** What you will do **
The first line of the listing opens the range and the line with "多了一些繁花似锦的点缀。想想" closes it; repeat those lines and all between them word for word, leaving out the pictures.

** Material supplied **
------------------------

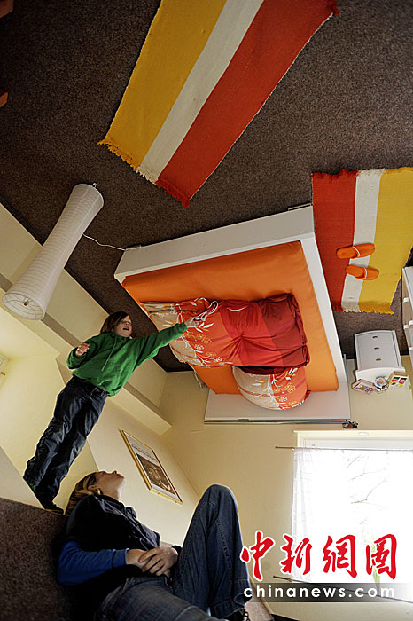 3月30日,德国盖托夫市“疯狂的房子”面向公众开放。该房屋整个颠倒里面的家具也是被钉在屋顶上的。图片来源:中国新闻网
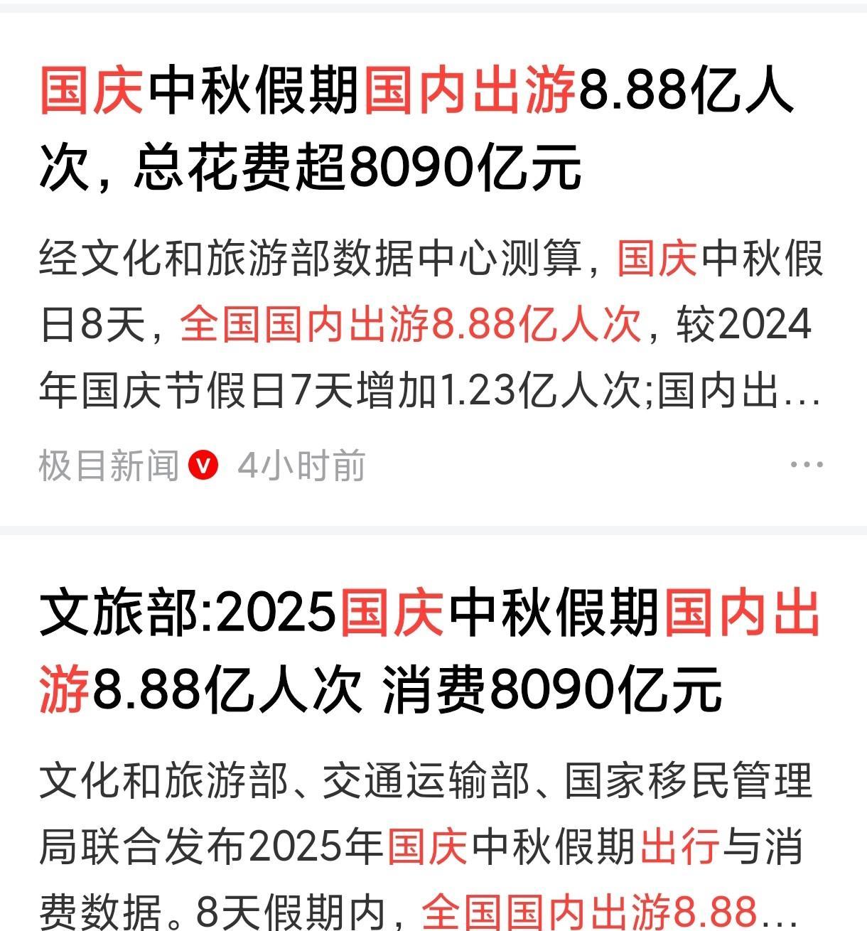2025年国庆中秋出游人数是8.88亿人次,你信吗?看看我的分析: 国庆中秋正值
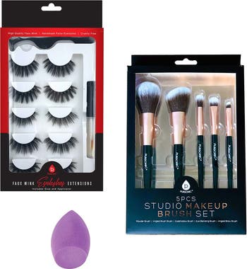 Glam Essentials Bundle 3D Faux Mink Lashes, Makeup Sponge & Brush Set
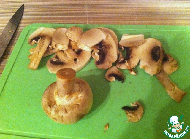 После того, как закипела вода, бросаем в нее лук и грибы. Варим все это на среднем огне минут пять.
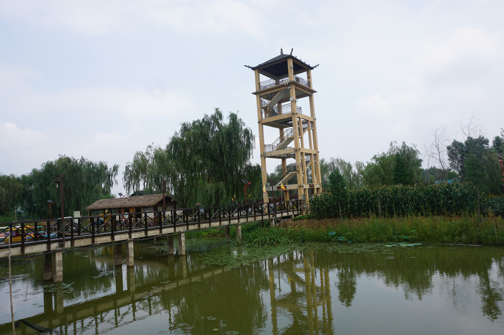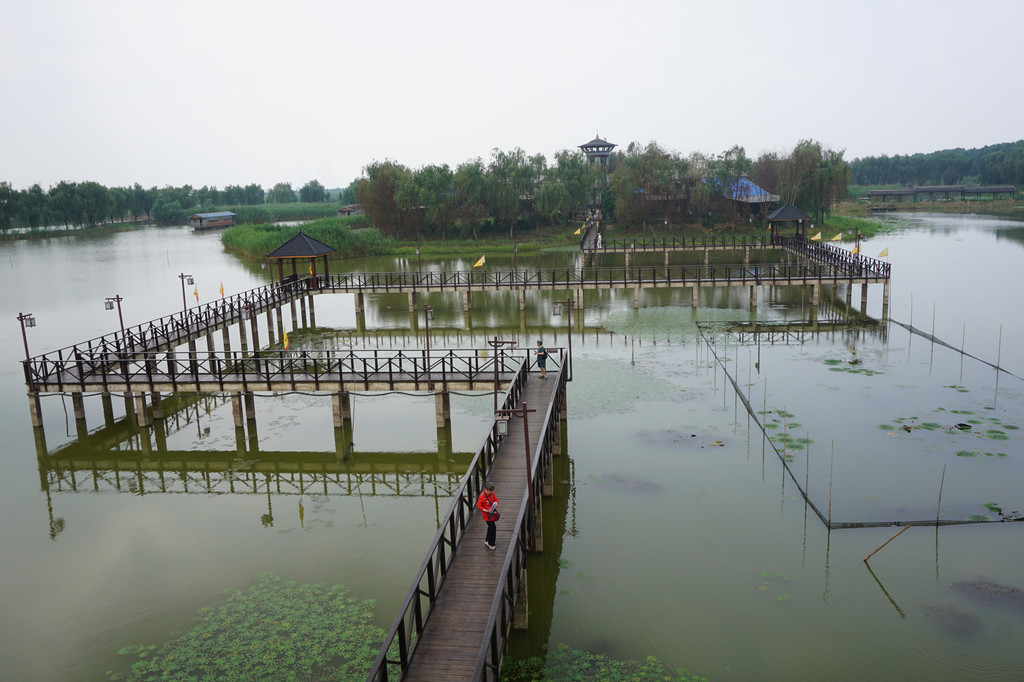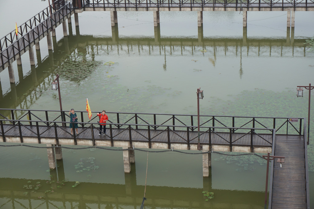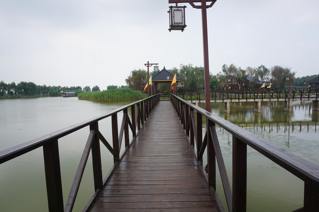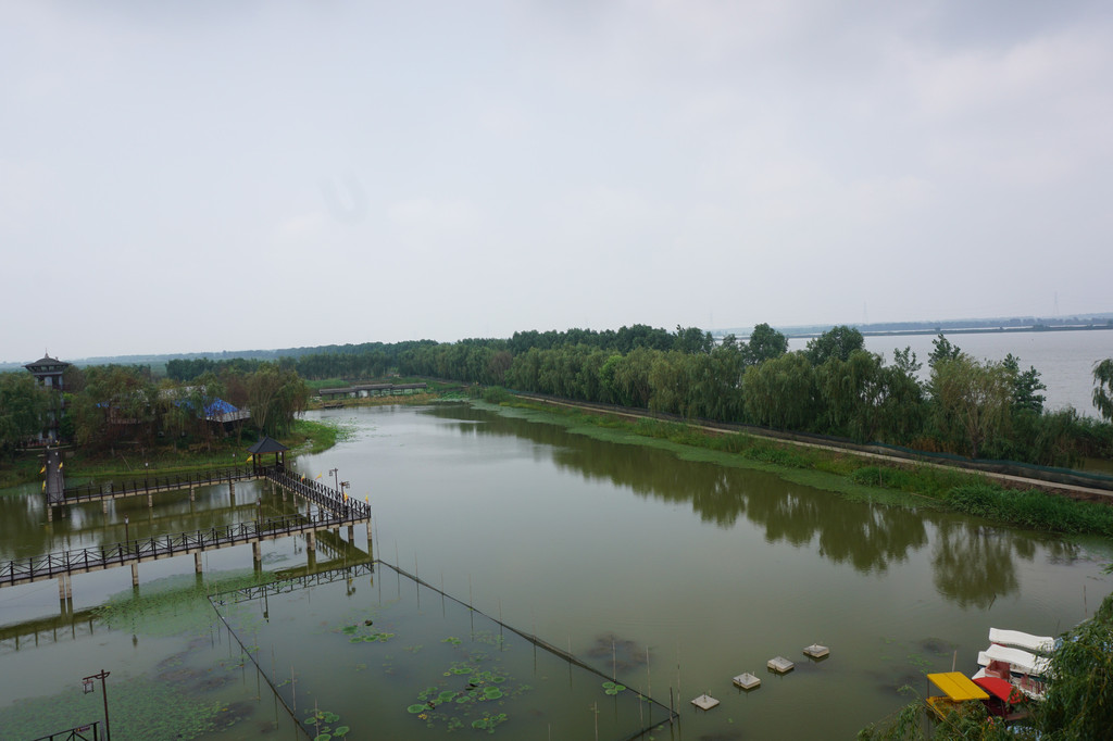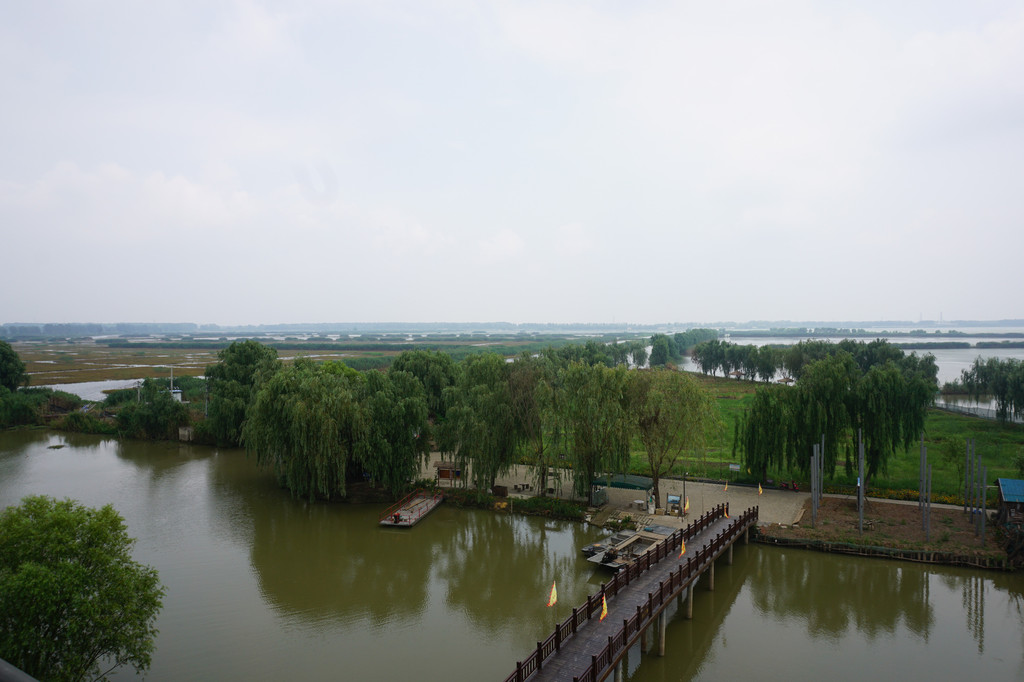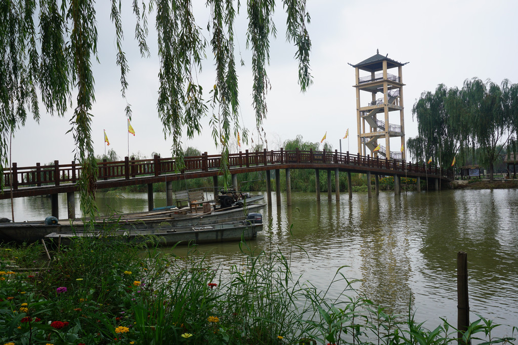 多了一些繁花似锦的点缀。想想第一次来高邮,在界首这个质朴,原滋原味的古镇我细细走细细看,很是喜欢。离开界首,我只是随意的开到堤坝上观观高邮湖,偶遇了这个景点。那会这里正在修停车场,景区也需要买票进入。因为时间不允许,我就没有进入景区。而是直接驾车行驶在高邮湖与京杭大运河之间的大运河西堤,开着车欣赏高邮湖的风景。没想到,今天与这里再续前缘。
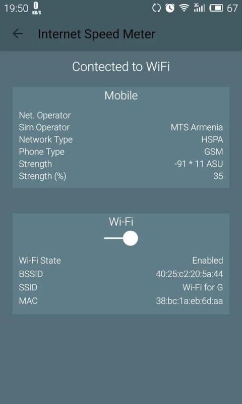 Internet Speed info has external layout which allows to know about internet traffic using applications with their internet speed everywhere. User can see mobile and Wifi data usage with both graphics and list data. There are mobile upload, mobile download, mobile total, WiFi upload, WiFi download and WiFi total usage informations. User can zoom graphics using 2 fingers and to know more about daily usage using graphic method. Application shows information about mobile connection, mobile internet and WiFi internet (e.g mac address, SSID...). User can turn off or turn on WiFi immediately from application. There is live speed activity in application using which user can realtime see internet download and upload curve versus time and below it information about internet using applications. Internet speed meter in status bar and notification bar is shown only when internet is connected. In settings there is also option to show internet speed meter even when internet is disconnected.

------------------------

** Answer section **
 3月30日,德国盖托夫市“疯狂的房子”面向公众开放。该房屋整个颠倒里面的家具也是被钉在屋顶上的。图片来源:中国新闻网
2025年国庆中秋出游人数是8.88亿人次,你信吗?看看我的分析: 国庆中秋正值
 Glam Essentials Bundle 3D Faux Mink Lashes, Makeup Sponge & Brush Set
 После того, как закипела вода, бросаем в нее лук и грибы. Варим все это на среднем огне минут пять.
 多了一些繁花似锦的点缀。想想第一次来高邮,在界首这个质朴,原滋原味的古镇我细细走细细看,很是喜欢。离开界首,我只是随意的开到堤坝上观观高邮湖,偶遇了这个景点。那会这里正在修停车场,景区也需要买票进入。因为时间不允许,我就没有进入景区。而是直接驾车行驶在高邮湖与京杭大运河之间的大运河西堤,开着车欣赏高邮湖的风景。没想到,今天与这里再续前缘。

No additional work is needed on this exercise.